Katara hangs suspended in the moment between wakefulness and sleep. She is drifting, floating in a land of inky blackness, lights dancing behind her eyelids, the world hazy and muffled around her. Katara doesn't want to open her eyes. Not yet. She likes to stay in these moments, sometimes. If she concentrates hard enough, if she reaches out to unwind those lights and pull them toward her, surrounding her, she can almost imagine what once was. She isn't Katara, twenty-two, mother and grandmother dead, brother gone, a chasm hanging between her and her father, regret twisting and poisoning her friendships, heart hanging heavy with everything she said and everything she didn't.

She is Katara, sixteen, and it is the weekend so she and her brother are allowed to sleep in, and she can hear Sokka's rumbling snores in the room next to hers. Always been a deep sleeper, she thinks fondly, and she can hear Gran-Gran shuffling around downstairs, humming an old folk-tune, and despite being old she is strong and healthy and she has no trace of illness in her body, not yet. Katara reaches out, and she hears the cars outside her window, the songbirds chirping, the wind rustling through the trees, children laughing as they play on the street. The sunlight filtering through the window is bright behind her eyelids, and she reaches into the light, twisting, pulling harder.

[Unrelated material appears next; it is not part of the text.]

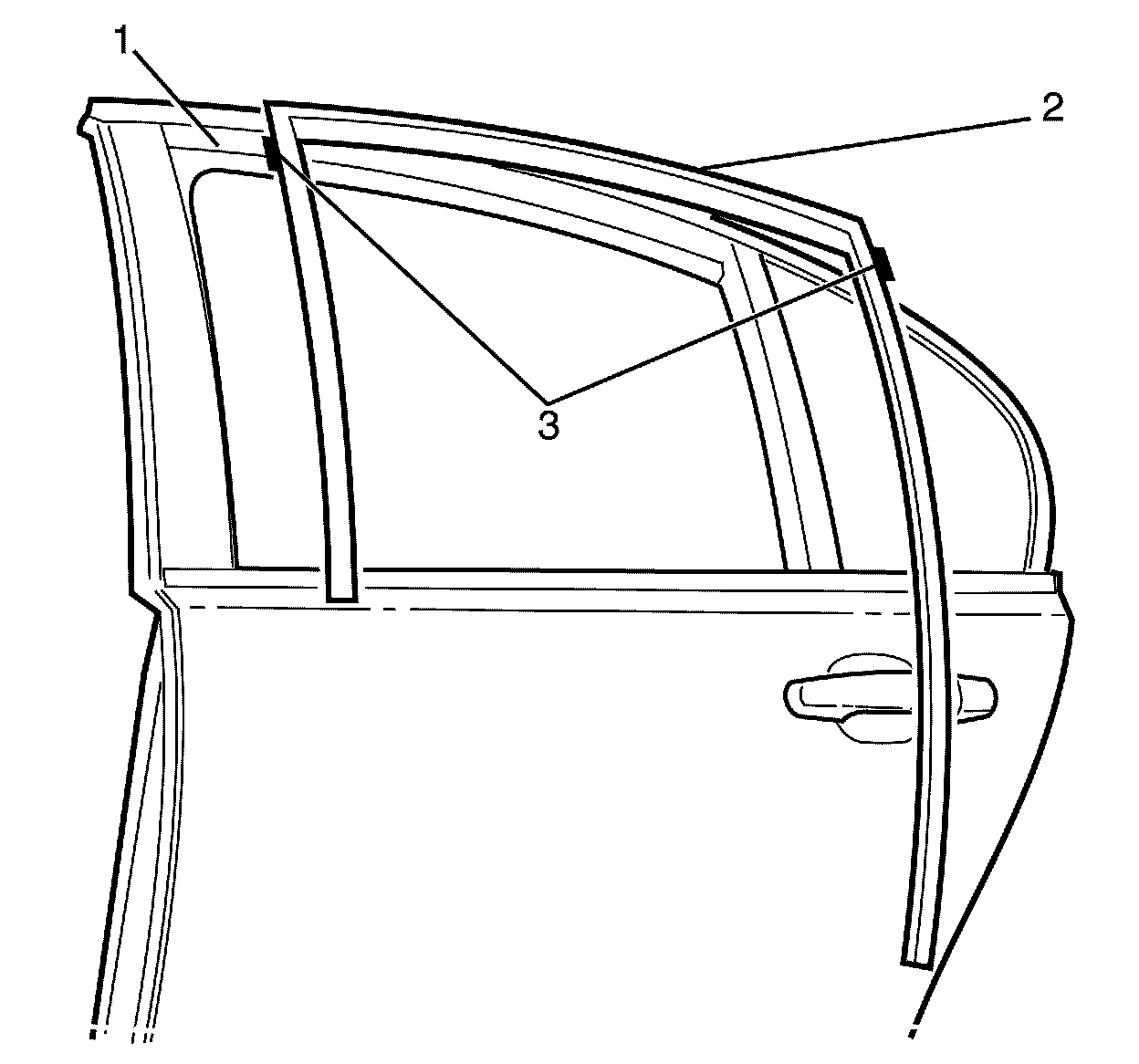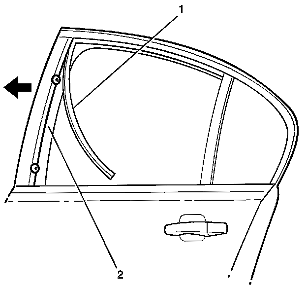 3. Remove the window outer belt sealing strip. Refer to Rear Side Door Window Outer Sealing Strip Replacement (Rear Side Door Window Outer Sealing Strip Replacement).
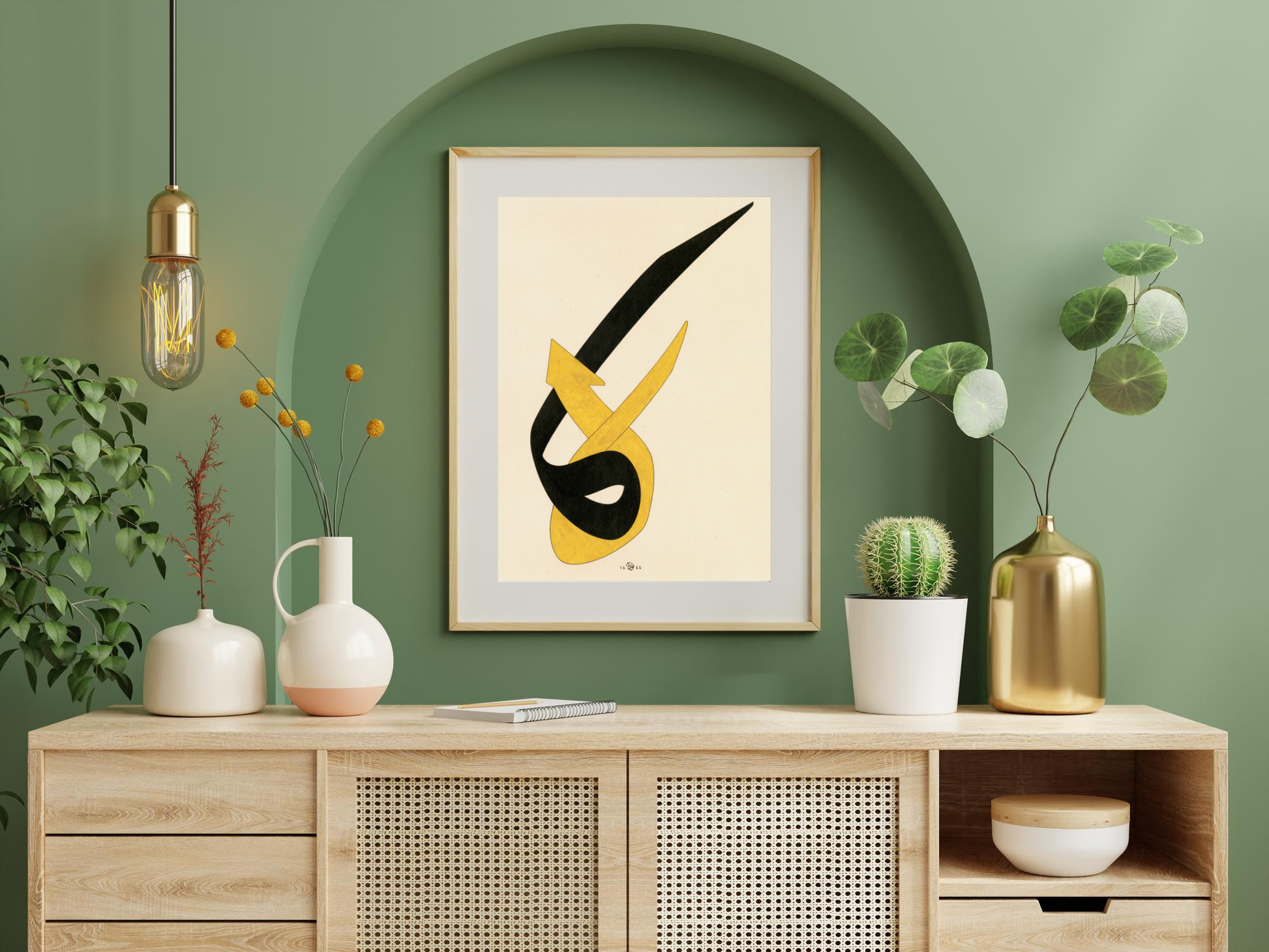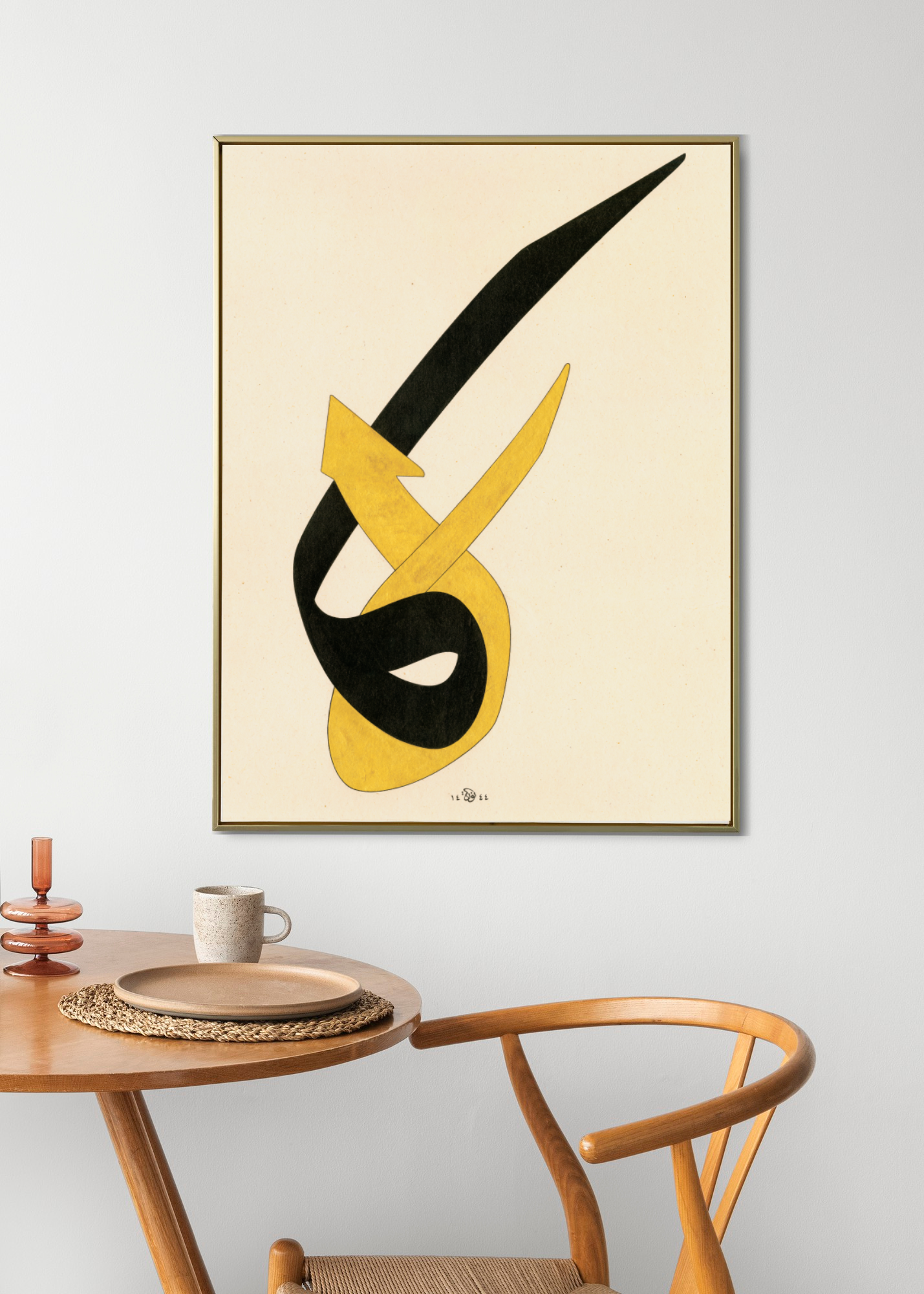 This piece visually represents the two letters that form the Divine Name Huwa, the letters hā’and wāw. Inspired by the opening line of the poem “We were letters, exalted! Not yet uttered,”the artwork explores the transformation of these two letters from their isolated forms into the word Huwa. The letters are depicted as though engaged in a dialogue, taking on different forms and shapes before ultimately merging into the word that signifies the Divine.

She is Katara, seven years old, her mother and father waking her up on her birthday, surprising her with a trip to the ocean, a weekend with her and her family and the waves, the golden sand warm beneath her toes, the smell of sea salt in the air, the sound of the otter-gulls carried by the wind. Her brother pushes her into the water, and she dips below the waves, watching the sunlight hit the water above her, surrounded by white sea foam, water churning and bubbling around her, but she is not afraid. The waves carry her to the shore, and she and Sokka keep playing, pushing each other, splashing each other, building animals in the sand. She makes a turtle-seal; he, an eel-hound. Their parents watch from a little ways away, smiling to themselves. Gran-Gran reads a worn, dog-eared book on an old towel beneath an umbrella. Katara and Sokka run across the sand, across the waves forever and ever, sun on their backs, faces to the sea.

Katara hears her name being called from far away, and her vision shatters around her. Opening her eyes, blinking and trying to adjust to the light, she realizes her father is telling her he's off to work. "Bye, dad," Katara rasps. Her mouth is dry, tongue sticking to the back of her throat. She swallows and tries again, but she hears her father's footsteps recede, his shadow disappearing from under her doorframe, and he is gone.

After a light breakfast of a moon-peach and a bowl of congee, Katara decides to dig up any information she can about Sokka's disappearance. She steps outside, locking the front door behind her, and starts walking.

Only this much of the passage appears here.